23.08.2015 | aktual.: 24.08.2015 19:10
Zalogowani mogą więcej
Możesz zapisać ten artykuł na później. Znajdziesz go potem na swoim koncie użytkownika
Już na starcie kariery została okrzyknięta „polską Marilyn Monroe”, jednak gdy zmarła „New York Times” napisał gorzko, że była „królową bez swojego królestwa”. Elżbieta Czyżewska w jednym z ostatnich wywiadów ubolewała: „życia nie da się powtórzyć”. Biografia wspaniałej aktorki jest niewątpliwie fascynująca, ale nie brakuje w niej smutnych rozdziałów.
W ubiegłym roku ministerstwo kultury z dumą poinformowało, że udało się ocalić niezwykłą kolekcję zmarłej w 2010 r. Elżbiety Czyżewskiej. Blisko tysiąc zdjęć, listów, rysunków, dokumentów czy wycinków z gazet miało bowiem trafić na śmietnik, ponieważ zarządca nowojorskiego mieszkania aktorki uznał je za nic niewarte szpargały.

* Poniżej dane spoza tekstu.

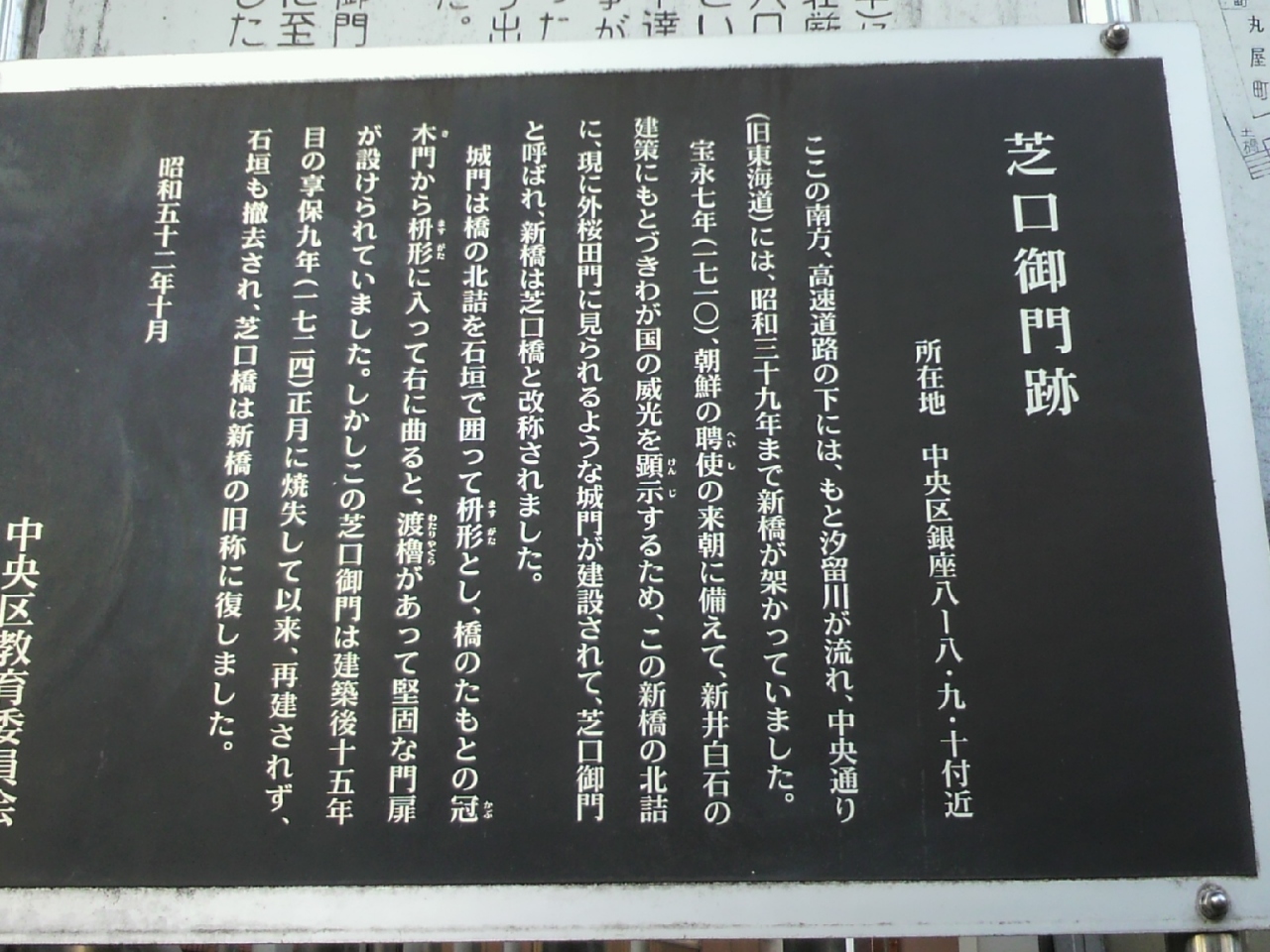 朝鮮通信使の江戸来訪に際し、新井白石は、接遇のための門を新橋の北に造ることを献策し、芝口御門が建設されました。

Tymczasem wśród nich odnaleziono m.in. szkice Pabla Picassa i Franciszka Starowieyskiego, fotografie wybitnych artystów (np. Daniela Olbrychskiego, który pozostawił aktorce dedykację „witamy w gronie 30-latków”), listy Leopolda Tyrmanda czy Andrzeja Wajdy. W mieszkaniu było też mnóstwo osobistych pamiątek Czyżewskiej, jak chociażby pokwitowanie wystawione przez celników na Okęciu w 1968 r., gdy aktorka wyjeżdżała do Stanów Zjednoczonych albo telegram od Beaty Tyszkiewicz informującej o urodzeniu córki. Kolekcja trafiła do Narodowym Archiwum Cyfrowego. „Wymaga jeszcze opracowania, ale już teraz pokazuje, jak wszechstronną aktorką była Elżbieta Czyżewska, nasza Audrey Hepburn” – stwierdził ówczesny minister kultury, Bogdan Zdrojewski.
Czarujący uśmiech
Elżbieta Czyżewska niechętnie opowiadała o czasach dzieciństwa, być może dlatego, że nie wspominała go najlepiej. Urodziła się w Warszawie na rok przed wybuchem II wojny światowej, w czasie której straciła ojca. Matka była krawcową i miała poważny problem z zapewnieniem Eli i jej siostry Krystynie godziwych warunków życia. To dlatego przyszła gwiazda polskiego filmu spędziła kilkanaście miesięcy w domu dziecka w Konstancinie.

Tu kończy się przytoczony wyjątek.